Below is question I sent to the techies at RT and I did'nt get the answer I was looking for.  

I recently sent a question on the battery isolator hookup on my 1991 Dodge B250 Trek. RT's response was to tell me what the standard hookup is, which I already know. The problem is ,  I still don't know what the wire is thats comming out of the firewall that is green and turnes into black. The alternator output red wire is currently directly connected to the battery + connector. That red one should be connected to the middle terminal on the isolater. I dont know if that green-to-black wire is supposed to be connected to the primary battery side of the isolator no1 terminal. Seems like there has to be a wire connected to the engine positive  terminal side of the primary battery. 
I need to know what the green to black wire thats coming out of the firewall and where its supposed to be connected to. The puzzling thing is that it has current (its hot) with the motor off (no alternator) while it is not connected to anything.

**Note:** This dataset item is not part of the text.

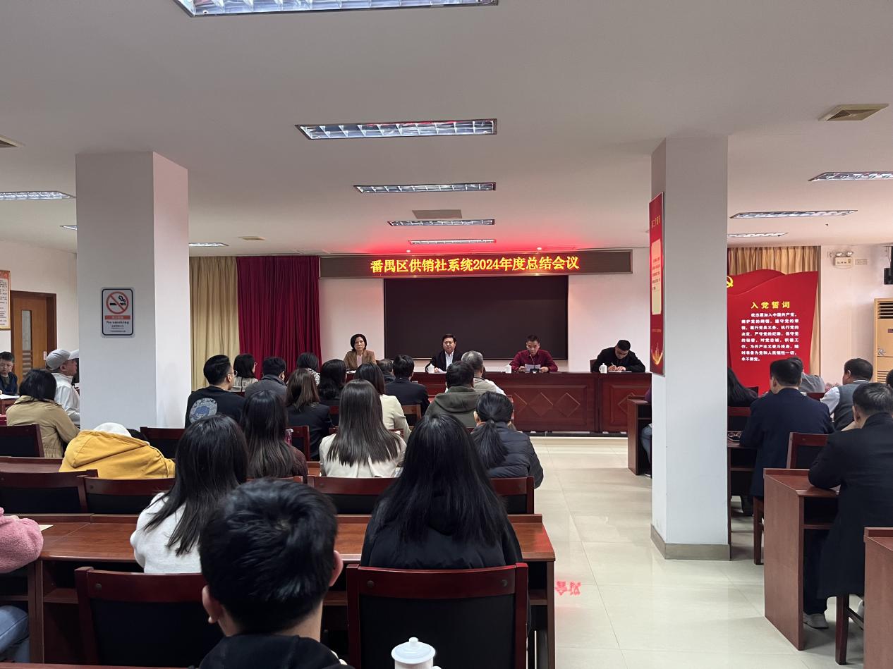 2025年1月23日下午,番禺区供销联社召开2024年度全区供销社系统工作总结会议。区供销联社班子成员,系统各基层单位正、副职领导、先进个人、机关全体同志共50余人参加会议。会议总结了2024年主要工作情况、取得的成绩及存在的不足,客观分析了当前供销社发展面临的新形势,谋划部署2025年工作计划及目标,通报表扬了一批2024年度区供销社系统工作考核先进个人。

Anybody that has a older 90's Treck may be able to help me.

Thanks,
rrtreker


----------



## s.harrington (Sep 28, 2006)

Re: 1991 Roadtrek Battery Isolater Hookup

Don't know wich style you have.  If it is the block style, the alternator wire hooks to the center,  Primary battery wire on the left terminal and secondary battery on the right terminal.  If its just a solenoid style there is no alternator wire.  A wire runs from the primary battery to one large terminal and a wire runs form the secondary wire to the other large teminal then a small wire runs from a hot when key is on terminal to the small terminal on the solenoid.  If you have the block style that wire may be the Battery charge wire of your harness.


----------



## ggtreker (Sep 28, 2006)

Re: 1991 Roadtrek Battery Isolater Hookup

Thanks for that info, it is a block style. I guess I'll need to figure out which one is the main alternator  charging wire and connect it to the center post of the isolater. 
Then connect the other wire to main battery.  If that checks out, then connect the house bat to the aux post of the isolater. If that doesnt work , I'll need to go under the dash and figure out excatly where the 2 wires comming out of the firewall originate.


----------